Second Chance Rescue Center started to take in stray and rescued animals in early 2007, but starting those services was delayed when work to the shelter took longer than anticipated. In late December 2006, just days before the shelter would take in its first animal, more than a dozen people resigned from their positions with the center.
"I know I had my vested interest in Second Chance but felt that I was compelled to take the action that I did namely because of irreconcilable differences," Executive Director Scott Nelson said on December 28, 2008.
With Scott Nelson's resignation, founder Rosey Quinn would become the executive director.
"It doesn't affect us at all the city is well aware of everything that is going on and we're ready to go," Quinn said on December 28, 2008.
In January 2007, the shelter started to take in animals. At the time, it had room to hold 45 dogs and 45 cats.
Second Chance then operated mostly out of the headlines, until September 2009. That's when the center coordinated a raid of a Turner County dog breeder.

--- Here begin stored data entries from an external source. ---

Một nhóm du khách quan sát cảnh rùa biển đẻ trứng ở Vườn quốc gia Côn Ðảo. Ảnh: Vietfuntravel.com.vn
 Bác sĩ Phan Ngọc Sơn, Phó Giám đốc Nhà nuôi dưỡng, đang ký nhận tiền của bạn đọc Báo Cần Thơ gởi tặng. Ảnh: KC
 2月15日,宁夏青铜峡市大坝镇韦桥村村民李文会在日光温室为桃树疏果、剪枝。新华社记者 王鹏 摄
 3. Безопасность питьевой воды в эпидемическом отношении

"The big issue is the conditions they were living in that seems to be the big issue right now. Bad conditions, unsafe conditions, basically for the animals to be in," Quinn said on September 2, 2009.
A week later, Dan Christensen was charged with 173 counts of inhumane treatment of an animal. But in July of 2010, those charges were dropped when a judge ruled that the raid was illegal and evidence from that raid was tossed out. That prompted Christensen to file a five million dollar lawsuit against Second Chance and several others.

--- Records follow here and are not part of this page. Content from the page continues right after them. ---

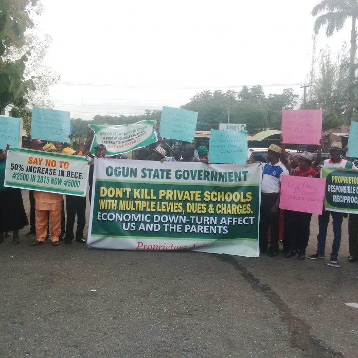 Private school owners in Ogun State on Wednesday protested over alleged multiple levies and charges by the state government.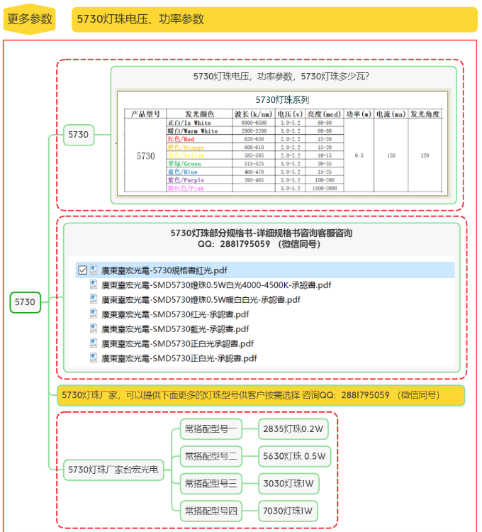 5730灯珠参数,我们主要常用的参数有:功率,电流,电压,波长,规格型号,发光角度和尺寸等。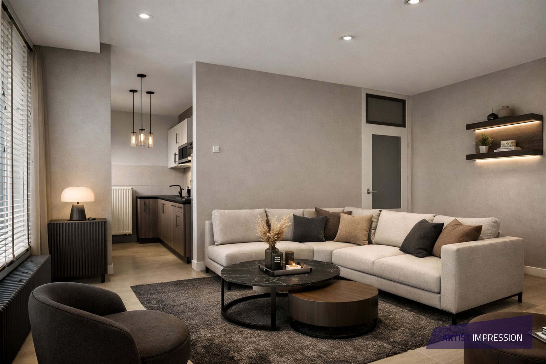 De woonkamer springt eruit door de hoekligging: licht valt van meerdere kanten naar binnen en de ramen geven een vrij, wijds uitzicht over Eindhoven. Er is ruimte voor een comfortabele zithoek én een eettafel, zonder dat het vol aanvoelt. Vanuit de woonkamer stap je zo het overdekte balkon op.

In May of 2010, Quinn was fired from the center by the Board of Directors. Board members said they wanted to stop focusing on the past and look for the future.

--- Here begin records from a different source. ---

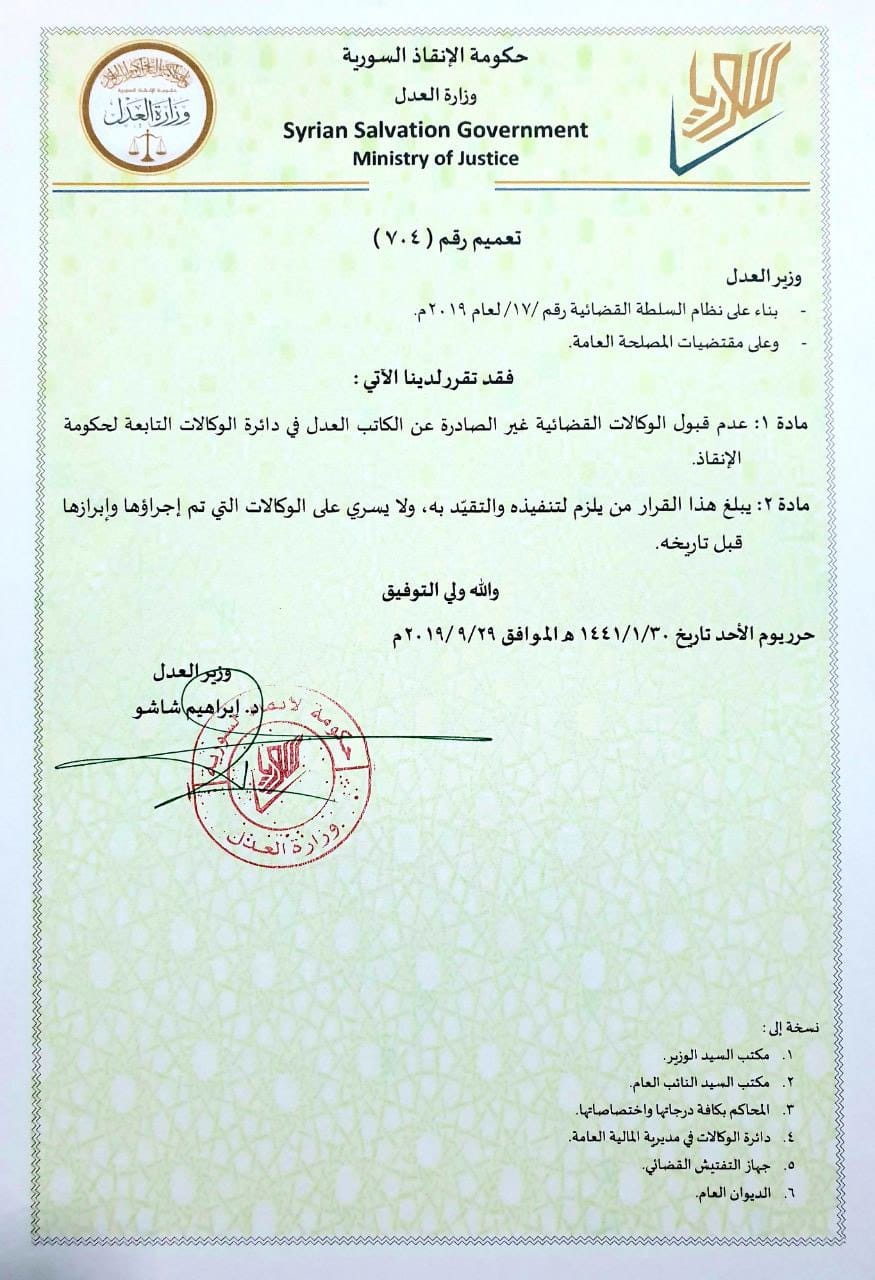 تعميم من وزارة العدل في حكومة الإنقاذ بعدم قبول الوكالات القضائية الغير صادرة عن الكاتب بالعدل في حكومة الإنقاذ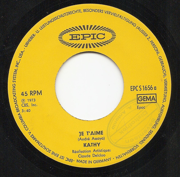 Vinyl / Kathy (2) - Je t'Aime / La Moto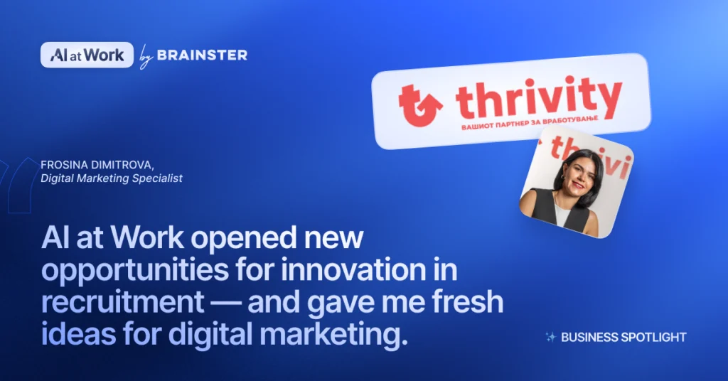 “At Thrivity, we already use modern software and AI tools in our recruitment processes, but additional knowledge is always valuable. We see Brainster as a trusted partner, and this was the right moment to expand our expertise and explore new ways to apply AI even more effectively.”

"We're hoping that the public and everyone will get behind us and help us out with this," Treasurer Kathy Holm said on May 13.
But it appears that has not happened, and come Sunday, the doors of Second Chance will close for good.
The official release from Second Chance says financial and other issues are to blame for the closure. But the most recent manager of the center says Second Chance has been in financial troubles for several years and the closure isn't because of recent problems.